Friday, October 24, 2008

Cuba's Oil Windfall

A few years ago oil was discovered off the northwest coast of Cuba. Lots of it. Or maybe not. Depends on who you ask. To hear the Cubans tell it, it could amount to 20 billion barrels. To hear the United States Geological Survey's views it could be as little as 5 billion. Regardless of exactly how much is there, it's undeniable that it exists. These numbers are nothing to sneeze at and could definitely make Cuba a petro player in the Western Hemisphere. My quick math (assisted by a calculator) tells me that that is enough oil to last Cuba, at their current consumption rate, for over 350 years.

Of course, this find in their backyard has the United States licking their proverbial chops. The only problem is that pesky embargo that has been around for over 40 years. This has lead to debate in Congress as to whether or not the embargo should be loosened to exempt Big Oil from the its parameters to assist in drilling.

Many nations have stepped up to say they're willing to help. Spain has already entered into a production-sharing agreement with Cuba and will start the drilling early next year. Others mentioned in negotiations are Norway, India and Brazil. Meanwhile the United States continues to sit on the sidelines, hands tied by their own embargo. Kirby Jones, head of the US-Cuba Trade Association says this about the US position- "With that much oil, there would be the feeling that there's a real [U.S.] price to be paid for [maintaining] the embargo. It changes Cuba's economic situation drastically and makes the U.S. less relevant." Less relevant? Most likely so. We're like the kids on the playground who huff and puff, protesting a kickball game that didn't go our way- but the game continues. So maybe that wasn't my best analogy, but you get the picture.
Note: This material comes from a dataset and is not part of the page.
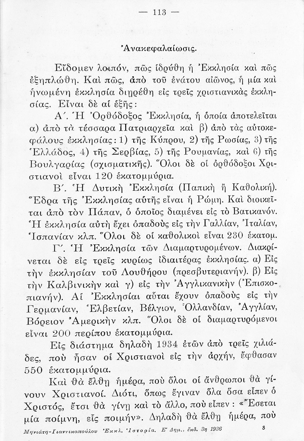 LDR 01532 2200217 4500 035 ## _a01-18820 040 ## _aΙνστιτούτο Εκπαιδευτικής Πολιτικής 041 ## _ael 100 ## _aΗλίας Π. Μηνιάτης _aΓ. Λ. Γιαννικόπουλος 110 ## _a18820 245 0# _aΕκκλησιαστική ιστορία εγκεκριμένη δια την Ε΄ τάξιν των Δημοτικών Σχολείων και τας συνδιδασκομένας κατά το πρώτον έτος Ε΄ και ΣΤ΄ τάξεις 250 ## _a3η Έκδοση 260 ## _aΑθήνα _bΙωάννης Δ. Κολλάρος _c1936 300 ## _a119 _bΕικόνες (ασπρόμαυρες) _c20 520 ## _aΣχολικό εγχειρίδιο Θρησκευτικών Ε΄ Δημοτικού που αποτελεί μια ιστορική επισκόπηση της Ορθόδοξης Εκκλησίας από την ίδρυσή της μέχρι την ίδρυση της Εκκλησίας της Ελλάδας και πραγματεύεται τις σχέσεις της Ορθοδοξίας με τα άλλα χριστιανικά δόγμα. 521 ## _aΕ' Δημοτικού 522 ## _aΕλλάδα 546 ## _aΚαθαρεύουσα 563 ## _aΣκληρό Εξώφυλλο 583 ## _a5231/51232/20-8-1934 _c1934 650 #4 _aΑπόστολοι _aΕικονομαχίες _aΕυαγγελιστές _aΠατέρες της Εκκλησίας _aΠατριαρχεία _aΣχίσμα

The question is still up for debate, though. Many believe this will do nothing more than to spur the US into drilling off its own shores, an idea that is gaining support nationwide. Maybe it's because I didn't live through the Cold War, but the whole embargo seems fairly silly to me. Turning our backs to Cuba doesn't make them go away. It doesn't make them want democratic reform. And that doesn't even take humanitarian issues into consideration.

In the end, it seems like it would be in the best interest of the United States to lift, at least partially, the embargo and allow oil companies to go to Cuba and assist in drilling. This way it is done safely, effectively and we can get a slice of the pie.